Como lo dijo Fernando Birri -a quien magistralmente parafraseó Galeano-, la utopía está en el horizonte y, aunque se aleje a cada paso que damos, nos hace caminar… nos hace avanzar. Ya es hora de que los mexicanos aprendamos a construir nuestra utopía, algo que nos ha costado trabajo, quizá porque nunca lo hemos intentado […]
Como lo dijo Fernando Birri -a quien magistralmente parafraseó Galeano-, la utopía está en el horizonte y, aunque se aleje a cada paso que damos, nos hace caminar… nos hace avanzar.
Ya es hora de que los mexicanos aprendamos a construir nuestra utopía, algo que nos ha costado trabajo, quizá porque nunca lo hemos intentado como debe ser. México, a lo largo de su historia como nación independiente, ha caminado de espaldas y a ciegas, hacia el futuro. Esto nos dice, al menos, dos verdades: vivimos de cara al pasado, pero con los ojos cerrados.
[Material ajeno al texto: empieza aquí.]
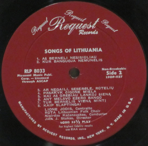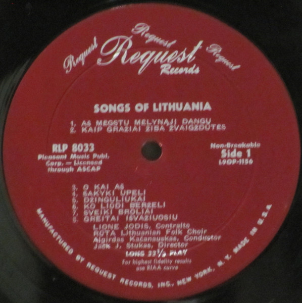 Rūta Lietuvių Tautinis Meno Ansamblis*, Lione Jodis* – Dainos Iš Lietuvos = Songs Of Lithuania (LP, Album, Mono)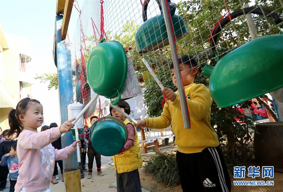 10月31日,江苏省东海县第二幼儿园的小朋友在敲打用废旧物品制作的“乐器”。 新华社发(张开虎 摄)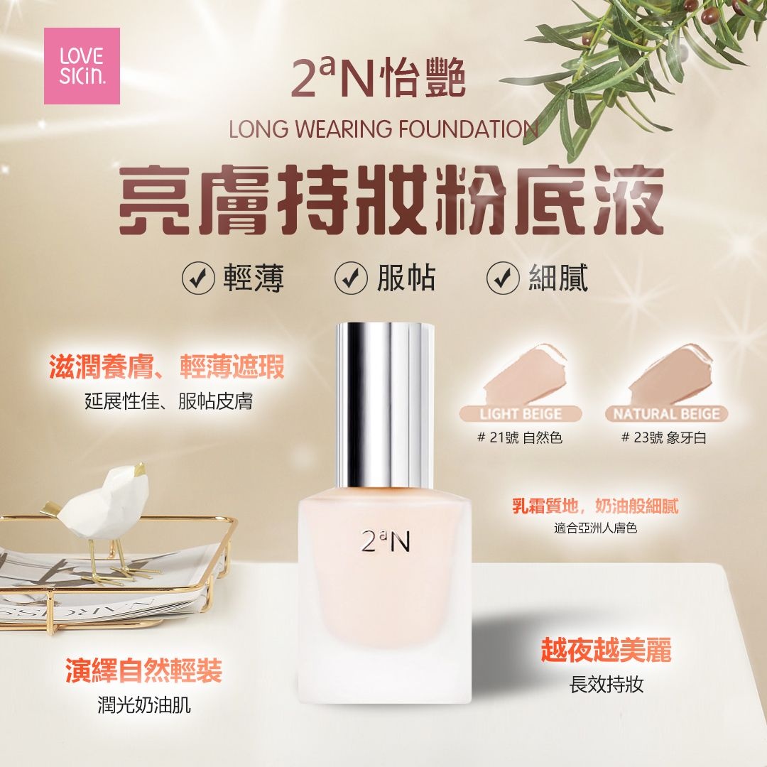 2aN 亮采持妝粉底液 Long Wearing Foundation 30mL #23自然白 Natural Beige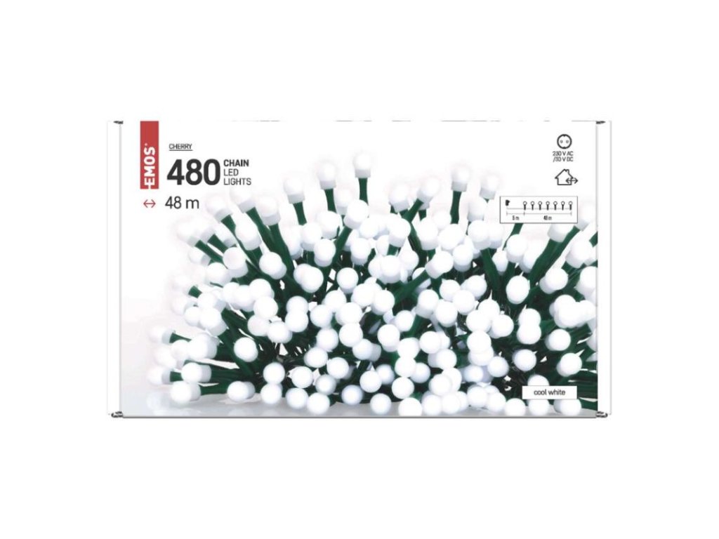 LED vánoční cherry řetěz – kuličky, 48 m, venkovní i vnitřní, studená bílá, časovač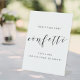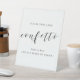 Cartel de la mesa de confeti boda diseñado por personalizados que presenta un diseño moderno y sencillo en blanco y negro.

Hemos tenido grandes oportunidades para reconciliarnos con nosotros mismos y edificar nuestra utopía. Al finalizar el movimiento de independencia, se tuvo la ocasión perfecta para dar a luz un proyecto de país que se vio desperdiciada por el encono existente entre la mayor parte de la sociedad y la élite española, y -por otro lado- la falta de pericia para dirigir los derroteros de un gobierno incipiente que no supo debatir los proyectos políticos que se hicieron patentes en aquellos días.
La república juarista representó otra coyuntura para limar asperezas; sin embargo, nuevamente, se derrochó el momento porque los ideales liberales no terminaron de cuajar en la cruda realidad mexicana, que parecía no estar lista para tanta perla que se le ofrecía y terminó zozobrando al transformarse en aquello que tanto criticó.
El Porfiriato -sí, aunque no lo crean- fue un hálito de esperanza ante el desencanto juarista, que -poco a poco- se transformó en una atmósfera asfixiante de autoritarismo blando, pero realista y congruente con el viento de aquellos tiempos.
Acto seguido, la Revolución comenzó con el sueño maderista que se convirtió en pesadilla galopante, que se esfumó con el constitucionalismo conservador, pero condescendiente que -nuevamente- desembocó en un autoritarismo clientelar que parecía perpetuo y nada revolucionario.
A continuación, el convulsionado final de siglo dejó más dudas que certezas, las cuales quisieron verse reflejadas en la vacuidad y el eco de promesas de cambio de la oposición que se volvió gobierno y se enfermó de poder, llevándonos a naufragar en una tormenta de sangre y violencia, tras la cual el status quo salió herido, pero rampante.
Y, finalmente, este uno de julio, el tiempo nos puso una nueva cita con nosotros mismos. Si nos jactamos de mirar al pasado para avanzar al futuro, hagámoslo críticamente. Hemos sido un pueblo acostumbrado a hacer veranos de una sola golondrina, olvidándonos de que la vida también tiene tempestades, épocas heladas y sequías. En pocas palabras: no hemos ganado nada.
Mientras se sigan tomando decisiones con el estómago, mientras se critique desde la ignorancia, mientras puedan manipularnos al alcance de un botón, mientras la impericia nos haga sabios en suposiciones y mitos, mientras nuestras pasiones nos impidan ver la realidad, mientras sigamos siendo un museo de recuerdos patéticos, mientras nuestra anorexia mental nos impida ver nuestra verdadera imagen en el espejo, mientras no corramos el velo de nuestros ojos y demos la vuelta para caminar de frente, no podremos construir nuestra utopía.
Aprendamos a hacerlo, es ahora o nunca. Seamos ese pasado del futuro que soñamos y que anhelamos construir.